Stored items
/---

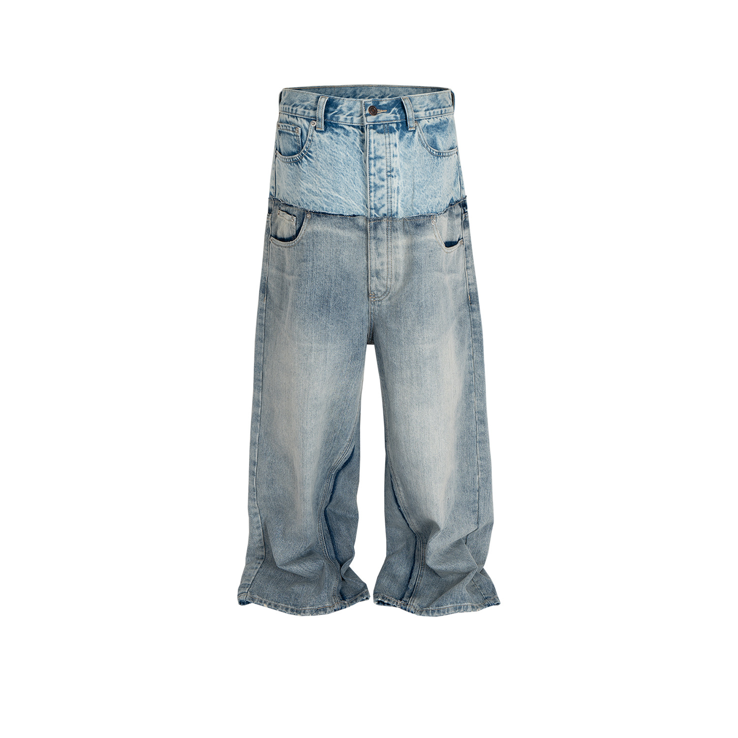 Cat Whisker Distressed Long Pants Unisex Double Waist Patchwork Jeans
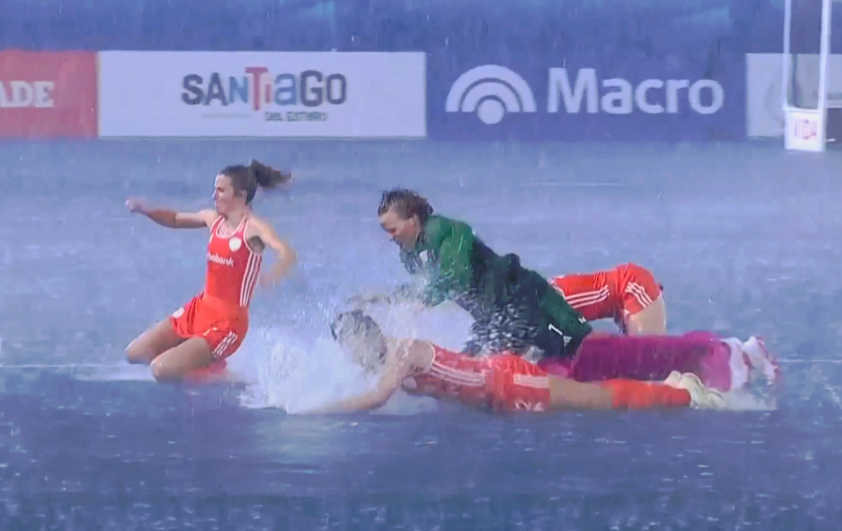 Vierenhalve minuut voor tijd werd het spel zelfs stilgelegd: het was onmogelijk om de bal van A naar B te krijgen. Na wat beraad – en waarschijnlijk een blik op de Argentijnse buienradar – klonk het eindsignaal. Vier of vijf goals maken in nog geen vijf minuten? Daar hadden de Argentijnen geen tijd meer voor. Om de overwinning te vieren, besloten de toch al compleet doorweekte Xan de Waard, Luna Fokke, Marleen Jochems en Veenendaal de avond af te sluiten met een zeiknatte buikschuiver.
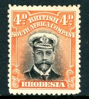 Rhodesia 1913 British KGV 4p Black & Org RedHead Die 1 Perf 14 SG #211 Mint S350
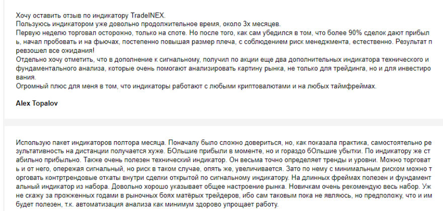 Отзывы о Tradeinex есть только на официальном сайте трейдера, где довольные пользователи отмечают прекрасные учебные материалы и качество сигналов. Только они осветляют репутацию трейдера.
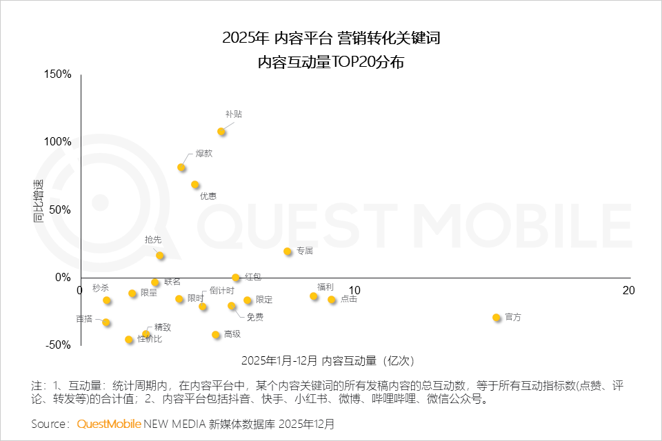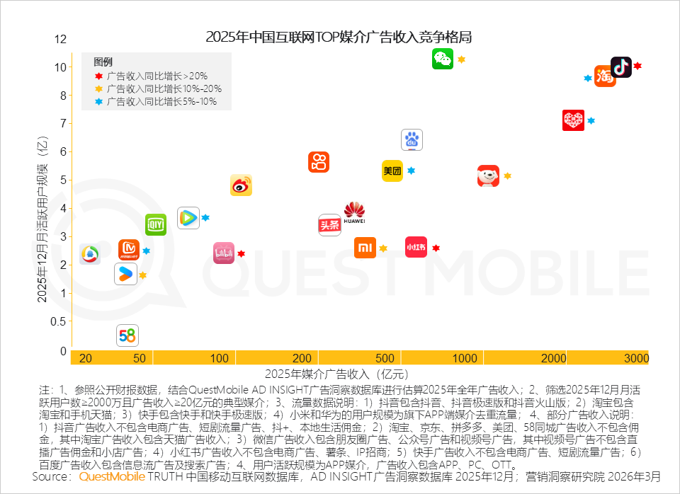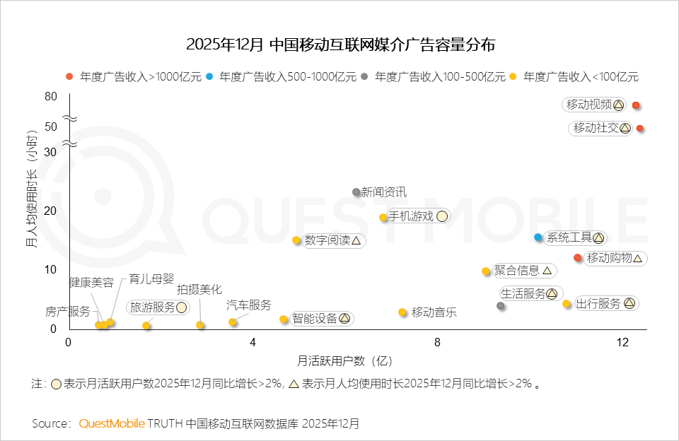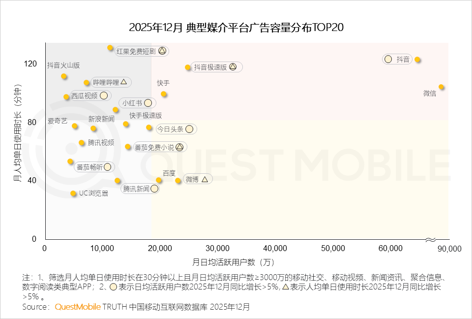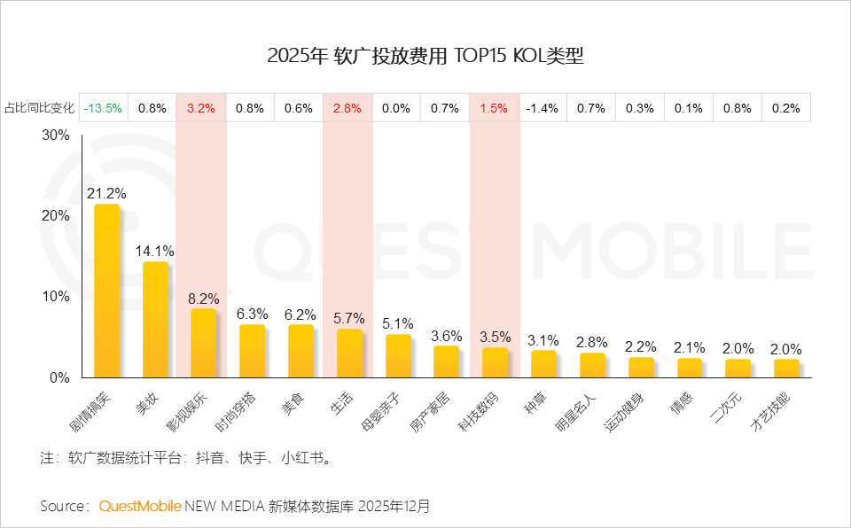 QuestMobile数据显示,2025年,抖音平台中,广告主将更多预算投放至影视娱乐、生活、科技数码等达人;小红书平台中,广告主投放结构变化不大。
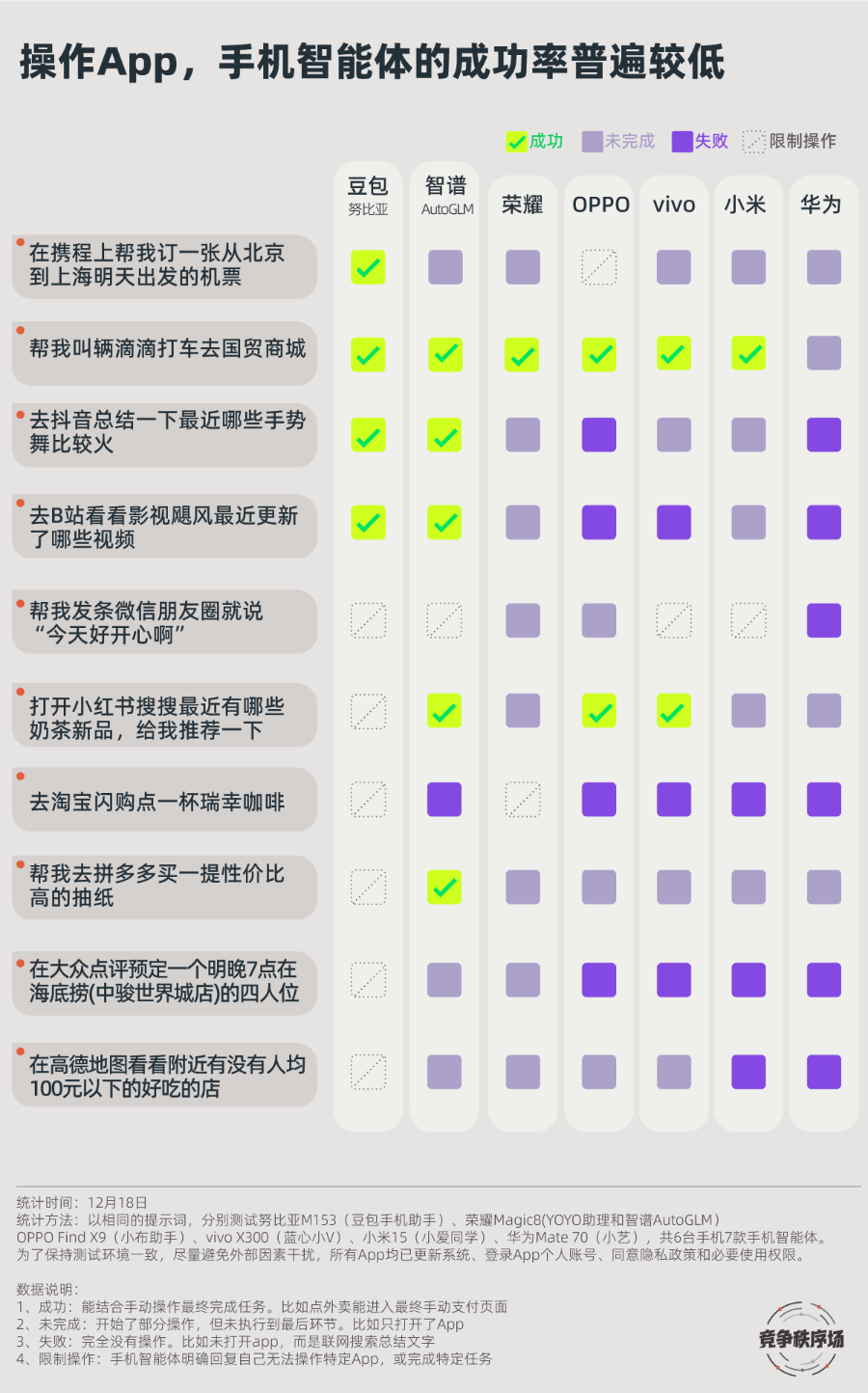 但现实情况是,手机智能体仍停留在一个吸引投资者的概念,而非能用的产品。我们在2025年3月测评了6款手机智能体,发现失败率高、不稳定、耗时长是普遍问题,只有荣耀勉强能算“半自动驾驶”。

\---

■ EXERCISE DESCRIPTION:
Please return exactly, and only, the lines from the one containing "QuestMobile数据显" through the end of the records, with both end lines kept and every picture dropped.

■ TASK OUTPUT:
 QuestMobile数据显示,2025年,抖音平台中,广告主将更多预算投放至影视娱乐、生活、科技数码等达人;小红书平台中,广告主投放结构变化不大。
 但现实情况是,手机智能体仍停留在一个吸引投资者的概念,而非能用的产品。我们在2025年3月测评了6款手机智能体,发现失败率高、不稳定、耗时长是普遍问题,只有荣耀勉强能算“半自动驾驶”。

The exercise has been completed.